1. +++ b/core/lib/Drupal/Core/DrupalKernel.php
   @@ -731,6 +737,12 @@ protected function initializeContainer($rebuild = FALSE) {
   +    if (!empty($current_user_id)) {
   

   so, we are trying to set account and auth_method only for authenticated user here?

2. +++ b/core/lib/Drupal/Core/EventSubscriber/AuthenticationMethodCheckSubscriber.php
   @@ -0,0 +1,76 @@
   +   * Constructs a new authentictaino method check.
   

   Minor: typo

3. +++ b/core/lib/Drupal/Core/EventSubscriber/AuthenticationMethodCheckSubscriber.php
   @@ -0,0 +1,76 @@
   +    // @todo: Collect list of providers in a compiler pass and inject them into
   

   Do we need a follow up for this todo? if there is one, can we update the d.o URL?

4. +++ b/core/lib/Drupal/Core/EventSubscriber/AuthenticationMethodCheckSubscriber.php
   @@ -0,0 +1,76 @@
   +   * Checks whether authentication was performed with a method allowed on the route.
   

   More than 80 chars?

5. +++ b/core/modules/basic_auth/src/Authentication/Provider/BasicAuth.php
   @@ -152,4 +158,32 @@ public function handleException(GetResponseForExceptionEvent $event) {
   +  protected function hasCredentials(Request $request) {
   

   Why isn't this part of applies()? do we really need a new method here?

Re #171: I still think the AnonymousUserSession / UserSession should be used for authentication instead of the User entity. This decouples the authentication system from the entity system and keeps code less complex.

We could re-purpose the (Anonymous)UserSession into value objects to represent sessions as the name implies. We don't have to pollute the AccountInterface with getAuthenticationMethod/setAuthenticationMethod since it's not needed there, just extend a UserSessionInterface from it to hold those methods, then AuthenticationProviderInterface::authenticate() would return an instance of UserSessionInterface

1. +++ b/core/lib/Drupal/Core/Authentication/AuthenticationProviderAccessInterface.php
   @@ -0,0 +1,37 @@
   +   *
   +   * @var \Symfony\Component\HttpFoundation\Request
   +   *   The request.
   +   *
   

   This should be @param.

2. +++ b/core/lib/Drupal/Core/Authentication/AuthenticationProviderAccessInterface.php
   @@ -0,0 +1,37 @@
   +  /**
   +   * Checks whether the authentication method is allowed on a given route/path.
   +   *
   +   * While authentication itself is run before routing, this method is called
   +   * after routing, hence RouteMatch is available and can be used to inspect
   +   * route options.
   +   *
   +   * @var \Symfony\Component\HttpFoundation\Request
   +   *   The request.
   +   *
   +   * @return bool
   ...
   +   *   FALSE.
   +   */
   +  public function access(Request $request);
   

   I'm not sure if "access" is a good name here. Maybe "isAllowed()" instead?

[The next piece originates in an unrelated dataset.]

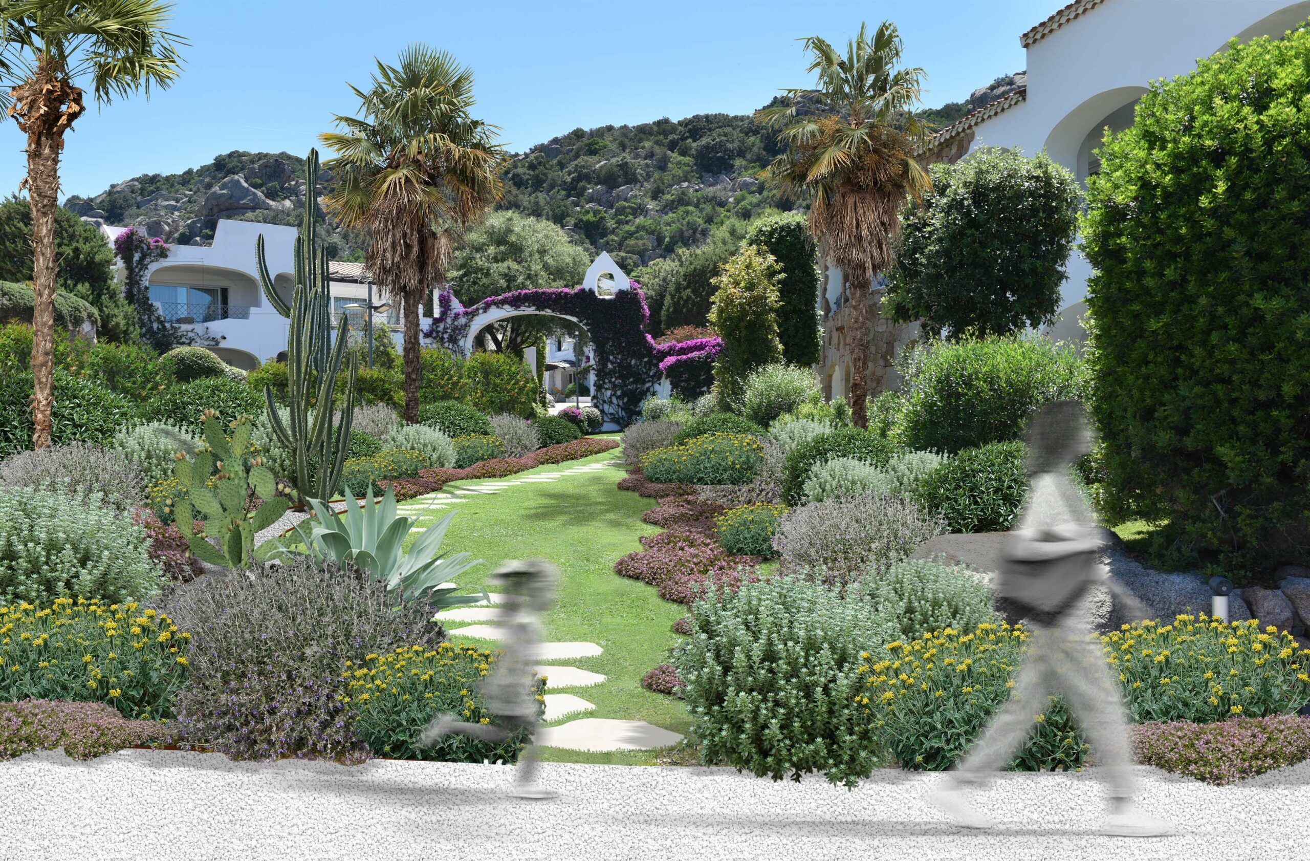 Gli ingredienti utilizzati sul parterre verso la reception sono i medesimi incontrati in precedenza: un percorso con i passi persi giganti, una selezione di vegetazione xerofita posizionata su un letto di ciottoli bianchi che proseguono le linee sinuose della pavimentazione, il contrasto con le pezzature di gariga e vegetazione della macchia mediterranea dai colori variegati e le succulente dal portamento scenografico
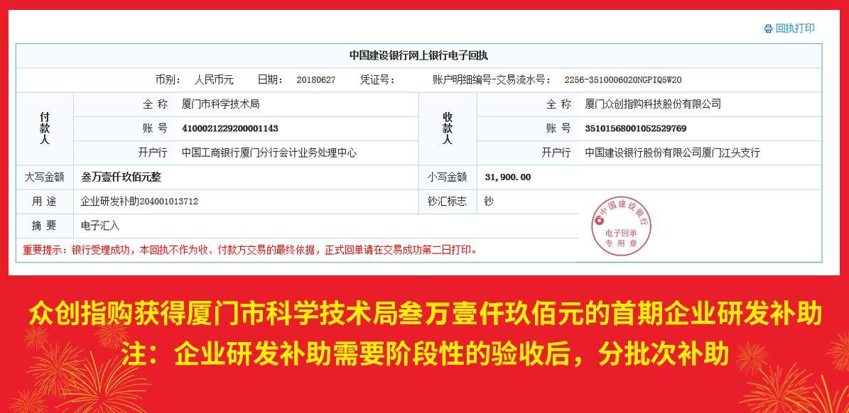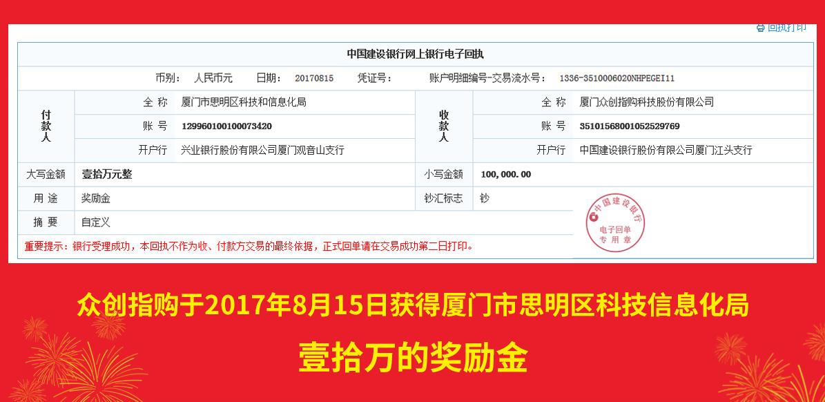 2017年8月获得科技信息化局10万奖励金

   @return should say "TRUE if this authentication method is allowed ..."

3. +++ b/core/lib/Drupal/Core/Session/AccountProxy.php
   @@ -75,10 +52,17 @@ public function setAccount(AccountInterface $account) {
   +        // After the container is rebuilt, DrupalKernel sets the initial
   +        // account to the id of the logged in user. This is necessary in order
   +        // to refresh the user account reference here.
   +        $this->account = \Drupal::entityManager()->getStorage('user')->load($this->initialAccountId);
   

   Could you add a comment here why we cannot inject the user storage here and must call the global \Drupal?

Otherwise looks like an improvement to me and the changes to the REST tests look fine.

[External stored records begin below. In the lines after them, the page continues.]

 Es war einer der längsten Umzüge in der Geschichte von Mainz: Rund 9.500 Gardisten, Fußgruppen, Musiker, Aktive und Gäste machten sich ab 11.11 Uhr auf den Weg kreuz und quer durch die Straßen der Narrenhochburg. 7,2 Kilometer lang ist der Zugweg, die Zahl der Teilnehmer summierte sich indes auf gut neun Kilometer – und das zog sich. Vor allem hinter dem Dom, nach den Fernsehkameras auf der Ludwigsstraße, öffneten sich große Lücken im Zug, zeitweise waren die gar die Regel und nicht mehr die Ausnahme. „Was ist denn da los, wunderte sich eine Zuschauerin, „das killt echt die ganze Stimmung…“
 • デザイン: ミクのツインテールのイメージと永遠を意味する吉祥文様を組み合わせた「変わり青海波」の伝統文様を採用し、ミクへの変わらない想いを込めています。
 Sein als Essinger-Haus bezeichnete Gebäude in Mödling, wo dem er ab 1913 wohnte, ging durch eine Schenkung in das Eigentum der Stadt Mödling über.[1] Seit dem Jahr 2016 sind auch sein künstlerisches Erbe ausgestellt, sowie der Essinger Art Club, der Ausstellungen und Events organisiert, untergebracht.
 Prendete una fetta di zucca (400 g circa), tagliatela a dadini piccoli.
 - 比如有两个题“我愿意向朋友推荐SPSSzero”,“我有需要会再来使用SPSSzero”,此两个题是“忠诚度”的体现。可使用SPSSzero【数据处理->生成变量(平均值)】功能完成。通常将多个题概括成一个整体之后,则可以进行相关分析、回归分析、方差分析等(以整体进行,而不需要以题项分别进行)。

1. +++ b/core/lib/Drupal/Core/EventSubscriber/AuthenticationSubscriber.php
   @@ -7,71 +7,139 @@
   +    // The priority for authentictaion must be higher than the highest event
   

   typo.

2. +++ b/core/modules/basic_auth/src/Authentication/Provider/BasicAuth.php
   @@ -131,25 +132,14 @@ public function authenticate(Request $request) {
   +    global $base_url;
   

   you should be able to get this from the request context, getCompleteBaseUrl()

This is hard to follow. The tables seem to have different labels and structure.

Can you bold the items that demonstrate the differences / bugs?